Los padres de Asdry van a salir a ver a unos vecinos y usan con ella, sin éxito, el viejo recurso de que, si no se cepilla los dientes, se queda en casa. La chiquilla no cede y, al cabo, ellos se marchan y la niña responde con su arma secreta: se pone a llorar.

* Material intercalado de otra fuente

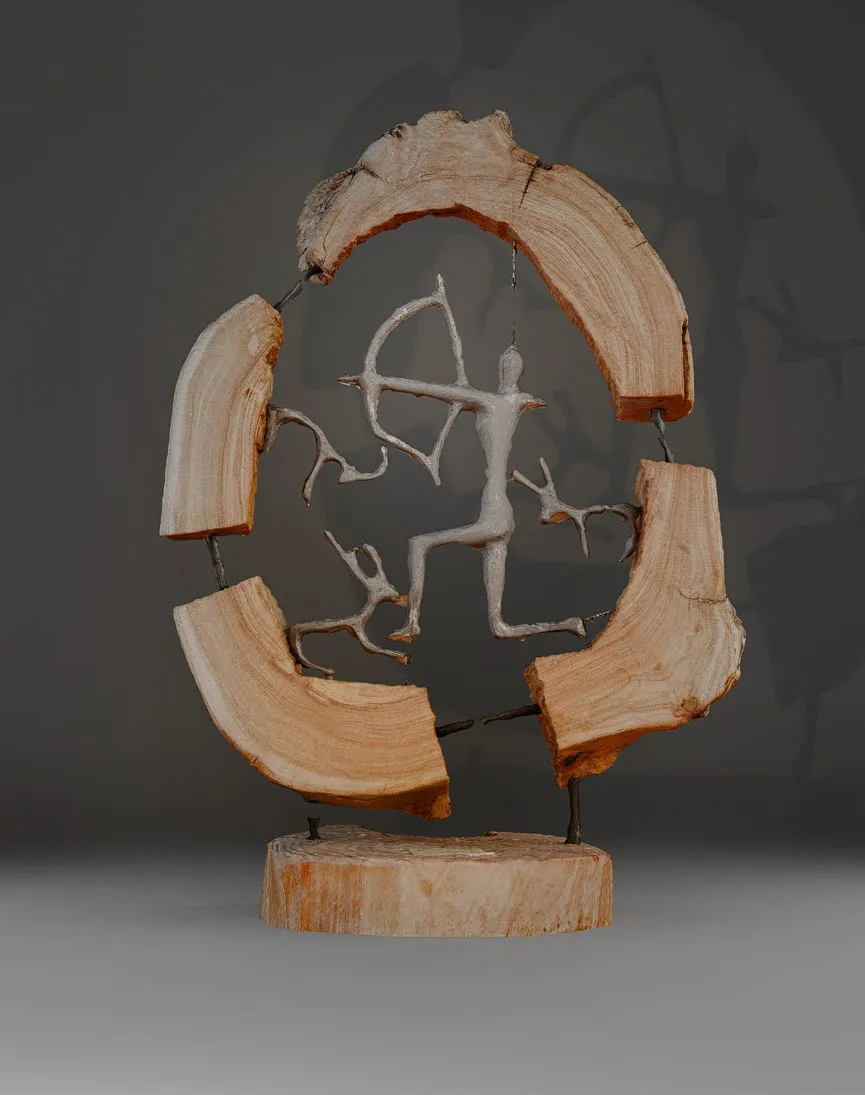 Скульптура «На охоте» переносит нас в мир древних ритуалов и обрядов, где охота была не просто способом добычи пищи, но сакральным действом. Центральный элемент — петроглиф лучницы, выпускающей стрелу — иллюстрирует древний способ визуализации мечты. Древние люди верили, что изображение успешной охоты привлечёт удачу и поможет приблизить желаемую реальность.

Yo quedo a cargo de la situación y, pese a que soy el verdadero rehén de la historia, trato de negociar. Desde el portal se ve a un viejito jardinero haciendo su trabajo con todas sus herramientas. Frente al cuadro lacrimógeno, el hombre, solidario, echa mano a una antigua estratagema:
—¿Cuál es el niño que está llorando por aquí?, para llevármelo en mi saco.
En efecto, tiene un saco blanco en el que recoge la hierba, y tiene también inmensas tijeras de podar, y guantes de lona y un machete con su lima y un rastrillo. Todo un extraterrestre, para un niño. Hago de canciller:
—No, yo no he visto a ningún niño llorando.
—¡Ah, bueno! —responde con un guiño y sigue su faena.
Aprovecho el trance y le aconsejo a Asdry que se cepille porque ese hombre es muy malo con los niños que lloran por gusto y que no se cepillan los dientes.
«Dicen —le explico con voz de tío— que les corta el pelo con sus tijeras y después se los lleva en el saco a un lugar donde no hay caramelos».
El truco funciona. Asdry entró diligente y enseguida me entregó su cepillo con pasta dental. La cepillé como nunca en su vida y, en pose triunfal, me puse a inventarle cuentos.
Al rato, el jardinero pasó de nuevo y Asdry, como si lo conociera desde siempre, salió corriendo a su encuentro.
—Hombre del jardín, hombre del jardín, ya me cepillé, pero mira, mi tío no, así que saca la tijera y llévatelo en el saco.